In regard to social unrest caused by disillusionment on an economic or other level, Bildt is of the opinion that that “democracies are much better at handling them than authoritarian governments,” which he believes are on their way out.

The next speaker was Masha Gessen, a Moscow correspondent for the IHT and others, who focuses on Russia and especially the influence of Russian President Vladimir Putin on the country’s modern-day democracy.

Gessen talked about the language of democracy, and she cited the example of the Soviet Union, where, she said, words from the democratic vocabulary were used to mean their opposite. Putin, she argued, has hijacked the language of Soviet exceptionalism in the same way. The regimes of Putin and President Bashar al-Assad of Syria will one day collapse, Gessen said, but the problem of hijacked language will remain.

Sultan Sooud Al-Qassemi, a commentator on Arabic affairs and social media activist from the United Arab Emirates, commented that he belongs to the 34 percent of the world population that still lives under a totalitarian regime and noted the importance of a successful democratic experiment in the Arab world.

“It would be a beacon of hope for everyone else,” he said.

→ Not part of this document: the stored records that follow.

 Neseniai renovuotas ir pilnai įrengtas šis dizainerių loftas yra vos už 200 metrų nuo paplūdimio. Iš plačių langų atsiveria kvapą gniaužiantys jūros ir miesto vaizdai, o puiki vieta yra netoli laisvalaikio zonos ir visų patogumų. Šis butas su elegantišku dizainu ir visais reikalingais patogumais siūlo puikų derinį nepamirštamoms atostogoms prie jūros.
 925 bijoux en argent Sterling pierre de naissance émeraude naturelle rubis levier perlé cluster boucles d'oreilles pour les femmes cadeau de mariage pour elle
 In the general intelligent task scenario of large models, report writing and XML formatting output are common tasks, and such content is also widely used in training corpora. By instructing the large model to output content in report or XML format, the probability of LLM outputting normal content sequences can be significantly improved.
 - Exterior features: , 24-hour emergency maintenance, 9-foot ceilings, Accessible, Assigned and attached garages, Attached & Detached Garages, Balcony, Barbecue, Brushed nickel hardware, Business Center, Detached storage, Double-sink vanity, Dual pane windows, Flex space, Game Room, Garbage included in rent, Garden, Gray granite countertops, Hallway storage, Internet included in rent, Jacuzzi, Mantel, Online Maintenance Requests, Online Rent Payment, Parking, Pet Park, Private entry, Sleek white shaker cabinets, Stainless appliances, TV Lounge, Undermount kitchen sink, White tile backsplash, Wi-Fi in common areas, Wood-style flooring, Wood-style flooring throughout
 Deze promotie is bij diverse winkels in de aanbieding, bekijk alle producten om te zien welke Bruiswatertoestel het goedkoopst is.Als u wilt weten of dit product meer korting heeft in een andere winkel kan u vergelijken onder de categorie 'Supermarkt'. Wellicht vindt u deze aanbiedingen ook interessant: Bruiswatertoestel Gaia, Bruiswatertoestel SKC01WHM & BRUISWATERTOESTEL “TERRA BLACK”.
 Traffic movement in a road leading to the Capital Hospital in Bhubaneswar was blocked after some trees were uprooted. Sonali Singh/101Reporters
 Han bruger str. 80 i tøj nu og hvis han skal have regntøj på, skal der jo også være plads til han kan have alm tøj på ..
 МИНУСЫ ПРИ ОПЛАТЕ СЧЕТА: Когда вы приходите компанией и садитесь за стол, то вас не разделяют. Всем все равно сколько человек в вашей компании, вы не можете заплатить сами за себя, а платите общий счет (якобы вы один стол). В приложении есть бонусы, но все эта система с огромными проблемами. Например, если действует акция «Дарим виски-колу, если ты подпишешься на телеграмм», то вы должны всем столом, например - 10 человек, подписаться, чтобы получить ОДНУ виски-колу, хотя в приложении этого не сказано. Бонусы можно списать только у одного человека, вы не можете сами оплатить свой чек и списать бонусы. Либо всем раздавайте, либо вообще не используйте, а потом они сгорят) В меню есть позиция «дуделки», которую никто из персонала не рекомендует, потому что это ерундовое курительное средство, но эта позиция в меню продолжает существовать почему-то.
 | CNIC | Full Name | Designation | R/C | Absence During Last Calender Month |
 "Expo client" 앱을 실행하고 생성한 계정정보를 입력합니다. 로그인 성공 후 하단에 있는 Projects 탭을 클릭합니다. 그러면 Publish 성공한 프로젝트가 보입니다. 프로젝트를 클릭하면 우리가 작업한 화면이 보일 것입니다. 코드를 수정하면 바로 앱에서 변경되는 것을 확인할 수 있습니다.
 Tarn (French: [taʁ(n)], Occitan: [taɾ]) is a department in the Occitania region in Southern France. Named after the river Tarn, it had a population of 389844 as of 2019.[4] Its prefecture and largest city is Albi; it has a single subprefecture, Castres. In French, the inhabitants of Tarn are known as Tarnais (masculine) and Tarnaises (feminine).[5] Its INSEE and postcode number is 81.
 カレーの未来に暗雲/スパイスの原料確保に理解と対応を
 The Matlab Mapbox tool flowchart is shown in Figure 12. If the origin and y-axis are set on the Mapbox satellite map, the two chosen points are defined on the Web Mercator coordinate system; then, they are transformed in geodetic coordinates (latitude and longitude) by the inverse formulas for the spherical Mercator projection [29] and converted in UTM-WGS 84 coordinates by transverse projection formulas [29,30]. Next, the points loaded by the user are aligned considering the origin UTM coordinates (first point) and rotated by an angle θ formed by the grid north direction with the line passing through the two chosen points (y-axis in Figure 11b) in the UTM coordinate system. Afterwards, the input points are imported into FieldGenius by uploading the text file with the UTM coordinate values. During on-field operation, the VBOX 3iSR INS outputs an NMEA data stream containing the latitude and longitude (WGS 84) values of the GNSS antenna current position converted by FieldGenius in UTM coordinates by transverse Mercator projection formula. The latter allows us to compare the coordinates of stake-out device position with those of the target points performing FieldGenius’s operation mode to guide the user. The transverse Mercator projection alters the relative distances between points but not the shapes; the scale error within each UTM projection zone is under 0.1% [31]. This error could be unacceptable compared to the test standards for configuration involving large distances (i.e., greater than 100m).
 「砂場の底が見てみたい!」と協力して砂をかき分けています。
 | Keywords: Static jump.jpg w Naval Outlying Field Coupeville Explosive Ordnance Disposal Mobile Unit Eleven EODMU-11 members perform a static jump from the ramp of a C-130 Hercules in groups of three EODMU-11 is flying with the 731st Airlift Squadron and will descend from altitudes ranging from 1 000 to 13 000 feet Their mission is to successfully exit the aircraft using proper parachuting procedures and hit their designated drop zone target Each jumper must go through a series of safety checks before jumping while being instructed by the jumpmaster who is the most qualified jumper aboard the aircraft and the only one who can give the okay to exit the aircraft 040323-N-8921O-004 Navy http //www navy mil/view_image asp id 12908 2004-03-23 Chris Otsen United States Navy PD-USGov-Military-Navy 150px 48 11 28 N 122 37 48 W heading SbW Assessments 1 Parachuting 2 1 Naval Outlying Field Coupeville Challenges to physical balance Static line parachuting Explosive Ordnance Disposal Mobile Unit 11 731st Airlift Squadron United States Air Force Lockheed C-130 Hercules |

Responding to a question from his fellow panelist Roger Cohen, a columnist for the New York Times and the International Herald Tribune, Al-Qassemi said that country should be Egypt.

He also spoke about the enormous pressure created in the Arab world by youth unemployment, while also highlighting the problematic nature of “sectarian democracies” such as that of Lebanon, where specific high-ranking official posts are reserved for people from specific ethnic or religious groups rather than open to the entire population.

The show, however, was stolen by Dr Shashi Tharoor, the Indian minister of state for human resource development, who addressed the conference with greetings “from the most populous country in the world to the oldest democracy in the world.”

For Tharoor, the democratic process is “the best way to manage the incredible diversity of Indian society.” He also rejected the school of thought that believes economics affect the growth of democracy in any given country.

In response to concerns expressed by Cohen and Bildt regarding America’s growing isolationism, Tharoor simply said, “Democracy is like love; you can’t force it on others.”